A narrativa, com forte teor melodramático, aborda a realidade húngara durante a intervenção soviética e a implantação do comunismo. István é proprietário de terras que foram divididas pelo regime, Ele  acerta o casamento de sua filha com Sandor Farkas, também proprietário de terras, assim os dois recuperam parte de suas propriedades. A gangue da qual Máté faz parte, segundo o patriarca, é a Cooperativa formada por pequenos agricultores e pecuaristas. István e Sandor representam a resistência, insistem no trabalho individual do proprietário em sua terra. Máté defende o novo sistema, a coletividade e a divisão de rendimentos.  

Carrossel do amor foi recebido com louvor crítico no Festival de Cannes. François Truffaut,  jovem crítico da revista Cahiers Du Cinéma, protestou de forma veemente pelo filme não ter sido premiado: “A heroína do maravilhoso filme de Zoltán Fábri deveria ganhar o prêmio de melhor atriz. Esta é a grande vencedora. Está é minha Palma de Ouro.”

A longa sequência de abertura no parque de diversões é um marco da técnica cinematográfica. Zoltán Fábri filma os brinquedos giratórios de ângulos diversos, em movimentos acelerados, recortados por planos glamourosos no rosto de Mari, fazendo o espectador entrar nas sensações da jovem enquanto se diverte. Assim como Abel Gance em Napoleão (1927), Fabri surpreende com a câmera em movimento pendular, acompanhando Mari e Maté em um barco suspenso por cabos de aço que se movimenta também de forma pendular, em uma velocidade estonteante.  
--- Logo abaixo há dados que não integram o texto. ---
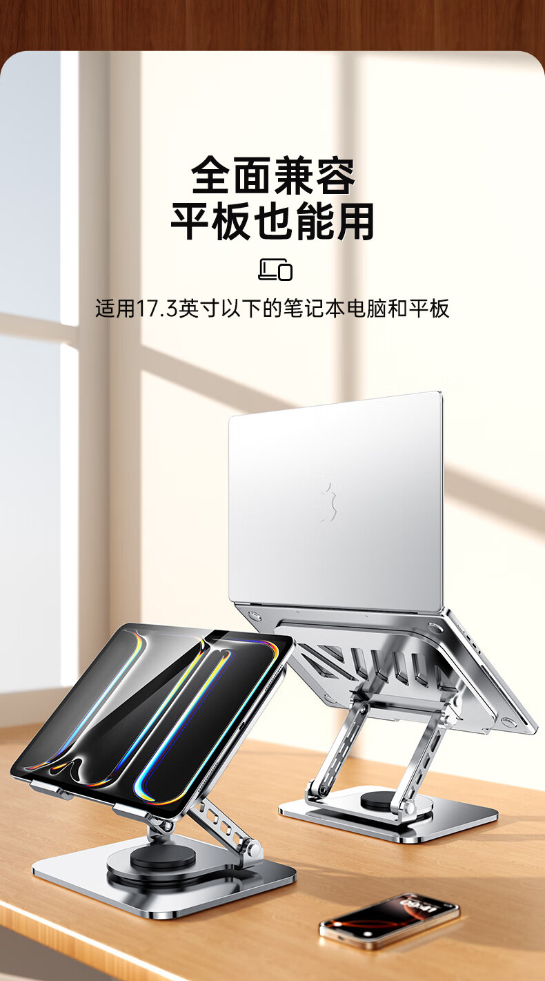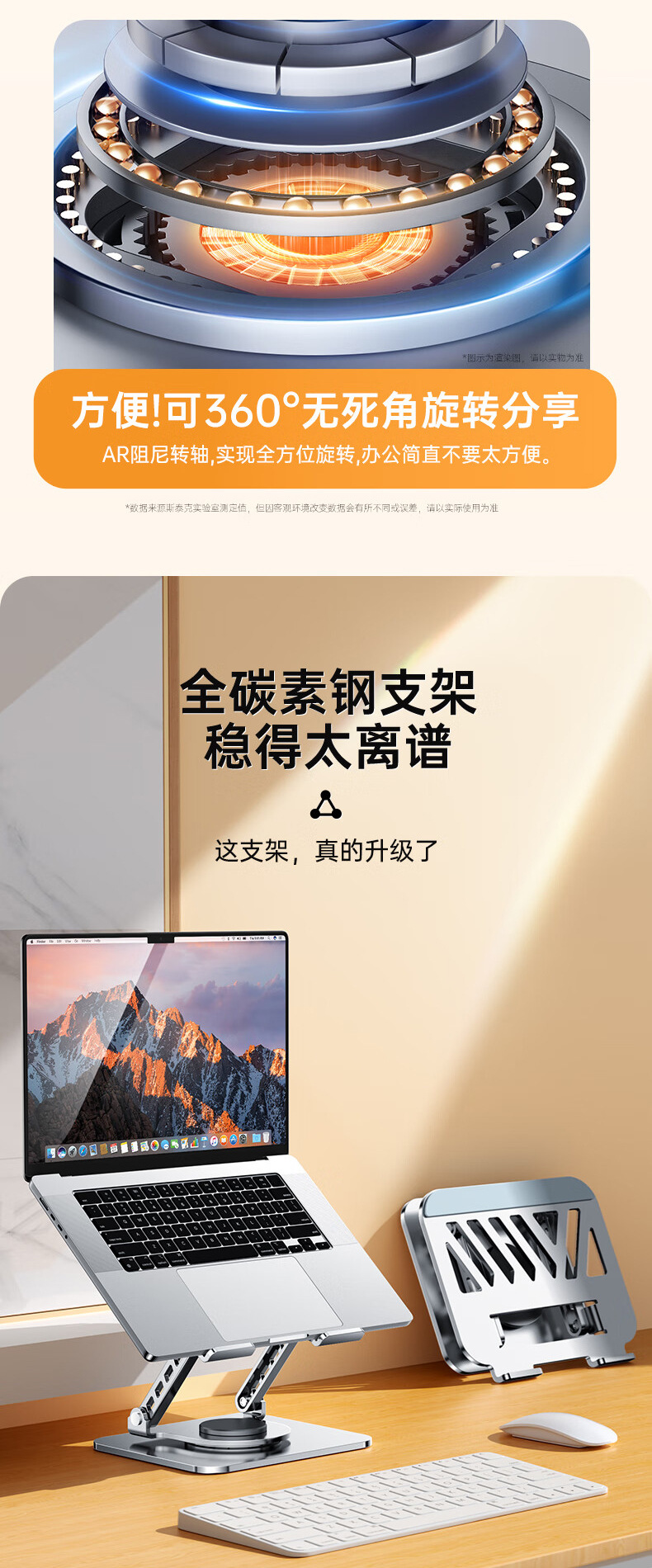 모든 금속 노트북 브래킷 탄소 강철 360 도 회전 접이식 리프팅 데스크탑 플랫 지원 프레임스토어 가기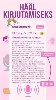Minu päevik muudab eneseväljenduse lihtsaks ja mitmekesiseks. Kirjutage oma mõtted ja tunded tekstina, lisage fotosid, et hetki elavamalt meenutada, või rääkige oma lugu otse rakendusse – nutikas hääle tekstiks teisendamise funktsioon muudab teie kõneldud sõnad automaatselt kirjutatud sisuks. Iga kanne on ainulaadne ja saate seda ka isikupärastada. Valige erinevate taustade, fontide ja tekstivärvide vahel, et teie märkmed peegeldaksid täpselt teie meeleolu. Emotikonide lisamine aitab anda edasi seda, mida sõnad alati ei suuda.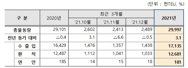 특히 컨테이너 물동량은 지난해 세계 주요 항만들의 컨테이너 물류 적체 현상에도 전년 대비 3.1% 증가한 3000만 TEU를 기록, 이는 코로나19 위기 이전인 2019년 보다 2.6% 증가한 것으로 나타났다. 이때 TEU는 표준 컨테이너 크기를 나타내는 단위로, 20ft 컨테이너 하나를 1TEU라고 하며 40ft 컨테이너 하나는 2TEU로 계산한다.

No final do filme, no carrossel de cadeiras suspensas (estrutura circular), o diretor húngaro usa sua técnica inovadora em uma cena que comprova que os dispositivos do cinema, por mais avançados que sejam, servem a um único fim, enlevar os olhos e a alma do espectador nestes breves momentos definidores do CINEMA: o beijo do casal de enamorados.  

Elenco: Mari Torocsik (Mari Pataki), Imre Soós (Biró Máté), Ádám Szirtes (Farkas Sandor), Béla Barsi (István Pataki).